- VHS cover for Latin American release
- Directed by: Jonathan Hardy
- Written by: Jonathan Hardy Frank Howson John D. Lamond
- Produced by: Peter Boyle Geoff Burrowes
- Starring: Laura Branigan Michael Aitkens Noel Ferrier Rowena Wallace
- Cinematography: Keith Wagstaff
- Edited by: Ray Daley
- Music by: Bruce Rowland
- Production company: Burrowes Film Group
- Release date: 30 March 1988 (Australia);
- Running time: 94 minutes
- Country: Australia
- Language: English
- Budget: A$7 million
- Box office: A$8,000 (Australia)

= Backstage (1988 film) =

Backstage is a 1988 Australian film starring American singer Laura Branigan. The film was written and directed by Academy Award nominee Jonathan Hardy, who had also written Breaker Morant.

==Plot==
The plot centred on American pop singer Kate Lawrence (Branigan) wanting to embark on a career as an actress. The only job she can find is playing the lead role in an Australian theatre production of The Green Year Passes. The hiring of an American causes conflict with her Australian cast and crew, and the chagrin of theatre critic Robert Landau with whom she has an affair.

==Production==
In 1981 Frank Howson set up a company, Boulevard Films, with a view to making movies. He wanted to make a film on Les Darcy, Something Great, and collaborated with Jonathan Hardy on the script. They could not secure financing but Hardy showed Howson some other scripts he had written, including Backstage.

Backstage had was based on an idea by John Lamond and written by Jonathan Hardy and David Stevens. Lamond had meant to direct it in 1982 starring Max Phipps, Jill Perryman and Steve Tandy but the film did not eventuate.

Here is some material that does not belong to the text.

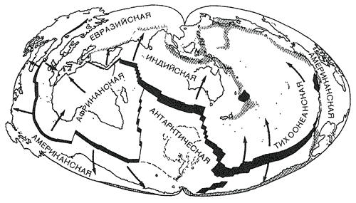 Рис. 25. Главные плиты коры движутся, как показано стрелками, удаляясь от рифтовых зон (черные полосы), в которых происходит поднятие лавы, и по направлению к зонам (заштрихованные полосы), где происходит медленное погружение корового вещества в глубь тела Земли.

Howson later said "There was much I liked about" the script for Backstage "and much I didn’t, and understood why Lamond hadn’t moved on it. It seemed to me to be very old fashioned. At that time the lead character was a soap star craving credibility. It was over-written, twee, and read like an Ealing Comedy without the laughs. There was no texture, no hint of darkness, no statement or meaning to it."

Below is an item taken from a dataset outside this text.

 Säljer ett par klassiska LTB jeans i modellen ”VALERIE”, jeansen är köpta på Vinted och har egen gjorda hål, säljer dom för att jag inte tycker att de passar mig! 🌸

Howson and Hardy decided to work on Backstage together, with the story being relocated to the music world. Howson was impressed by Laura Branigan's acting in a segment for the video clip for her song "The Lucky One". He said "I suddenly got the idea that if the lead character of “Backstage” was changed to be a pop star wanting to be taken seriously as an actress and her only offer was from a producer in Australia, we had a film that would be modern, relevant, funny and say something meaningful about how we categorise and box artists in and restrict their growth."

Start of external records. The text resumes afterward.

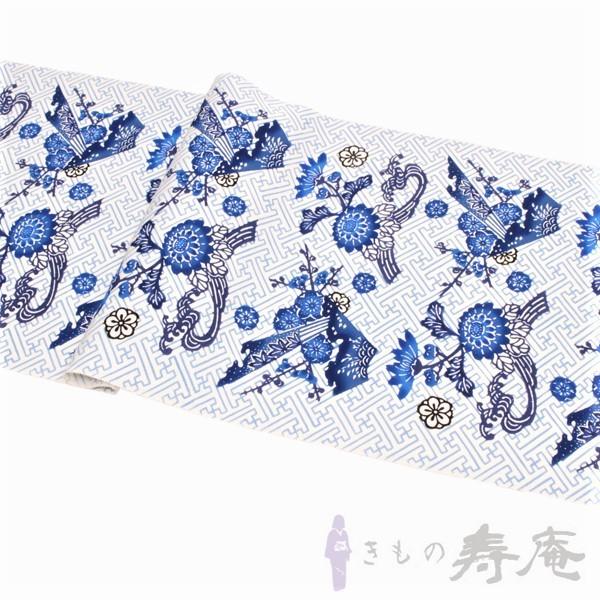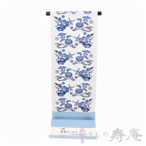 紅型染九寸名古屋帯 仕立て込み 知念初子 本場琉球帯 紗綾型 花 白 アビスブルー 女性用 新品 未仕立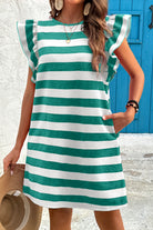 Green Stripe Flutter Sleeve Round Neck Shift Dress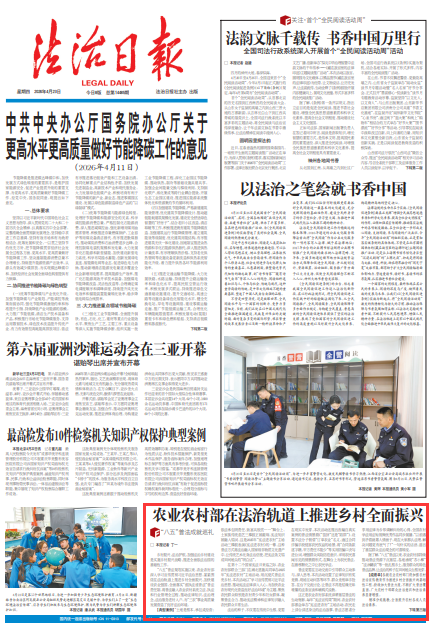 ——面向农民群众,依托农家书屋、法治长廊等阵地和农业综合执法人员、农村土地承包纠纷调解仲裁员、“法律明白人”、村居法律顾问等队伍,常态化开展土地承包、农资安全、农产品质量安全等重点领域普法,让农民群众在生产经营中学法用法,在遇到问题时首先想到依靠法律。

Howson got Branigan interested in the lead, although she was offered a $250,000 fee which was "pay or play". The Burrowes Film Group needed to make another film before the end of the financial year and offered to raise the budget.

Frank Howson originally thought that the involvement of the Burrowes Film Group would be limited but found they wanted to have more creative control. "I knew very clearly what audience it should be made for", said Howson, "but all of a sudden I found myself dealing with production by committee. To even make the smallest decision required everyone sitting around the table."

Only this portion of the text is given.